Réagissant à la décision du ministère de la Communication sommant les « médias non conformes » de suspendre leurs activités, Ibrahima Lissa Faye dénonce une méthode « cavalière » et non conforme aux textes. Le Coordonnateur des associations de la presse (Cap) pointe de nombreuses irrégularités dans la procédure et alerte sur les conséquences économiques pour le secteur de la presse.
« C’est une décision lamentable et malheureuse parce qu’elle a été prise sur des bases et sur une procédure entachée beaucoup de vices de forme », tranche d’emblée le coordonnateur de la Coordination des associations de presse (Cap) à propos de la demande du ministère de la Communication aux médias non conformes de cesser leur diffusion ou parution. Même s’il se dit favorable à une régulation du milieu de la presse, Ibrahima Lissa Faye fait savoir qu’il ne s’attendait pas à cette façon de faire de la tutelle. «Nous avons appelé à une meilleure régulation de la presse, mais on ne s’attendait pas à ça du tout. On ne s’attendait pas à ce que le ministère déroule de manière cavalière cette décision qui viole à la fois le Code et la Constitution », lâche le patron du groupe Pressafrik, précisant que l’action de la tutelle n’a rien à voir avec de la régulation. Car, selon M. Faye, «la régulation suppose un recensement rigoureux, une période de mise en conformité et un accompagnement. Ici, certains médias n’ont même pas reçu de notification expliquant leur rejet. Ce n’est pas normal», s’indigne-t-il. Il précise qu’au cœur du processus, une plateforme numérique censée centraliser les dépôts de dossiers a été mise en place mais, selon lui, elle présente «de graves dysfonctionnements».
La justice va trancher
«Des médias ont bien déposé leurs documents, mais ceux-ci n’apparaissent pas. L’erreur ne vient pas d’eux. Le ministère refuse pourtant de reconnaître ces failles», regrette-t-il.

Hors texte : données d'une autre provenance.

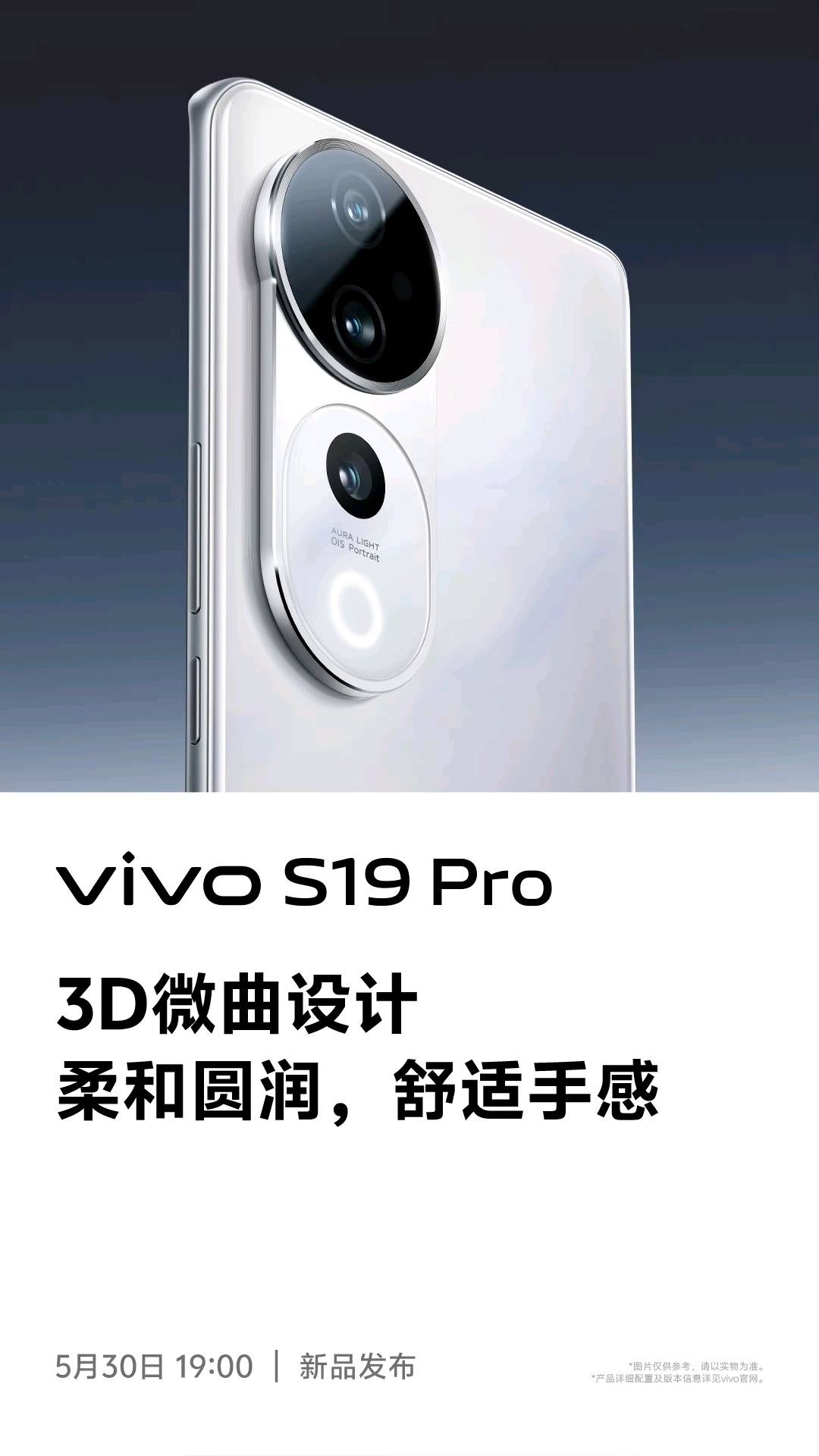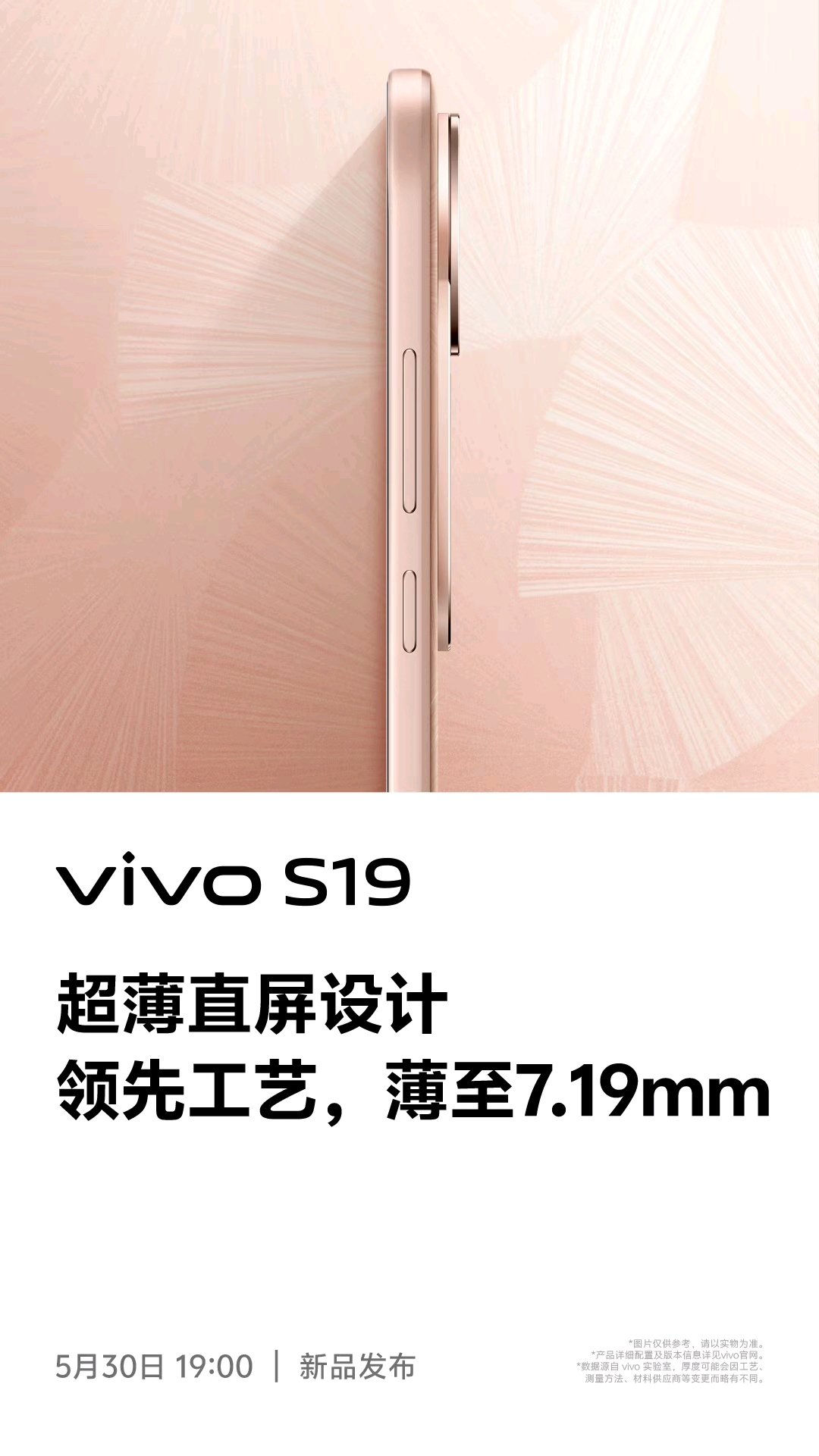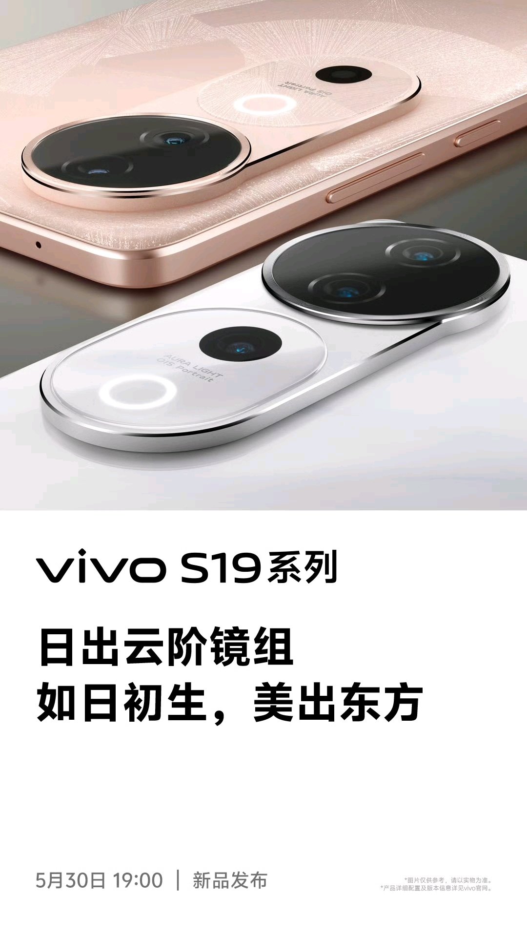 ——据了解vivo 此前官宣 S19 系列手机将于 5 月 30 日 19:00 发布,产品口号为“人像之光,美出东方”。

Face à cette situation, Ibrahima Lissa Faye informe que des concertations sont menées en vue de saisir la Cour suprême pour contester la légalité de la décision. Par ailleurs, devant la démarche dite «cavalière» de la tutelle, il se réjouit de voir que tous les acteurs de la presse sont regroupés pour dire non. «Je ne vois pas de voix discordantes ou une organisation de presse qui est d’accord avec ce que fait le ministre actuellement. Toutes les organisations de presse concordent à dire que ce travail fait par le ministère n’est pas bon», renchérit-il.
Interpellé sur le classement de Reporters Sans frontières (Rsf) où notre pays a gagné 20 places, il refuse tout amalgame car, pour lui, le classement montre que la presse recule au plan économique. « La réglementation nous a fait régresser de 6 points sur le plan économique. Là où le Sénégal a gagné 20 places, c’est au niveau des emprisonnements, des arrestations, etc», précise-t-il. C’est pourquoi le coordonnateur de la Cap lance un appel au dialogue. «Le ministère dit agir pour notre bien, mais refuse de rencontrer les acteurs. Depuis les assises de la presse, aucune concertation sérieuse n’a été engagée», déplore-t-il.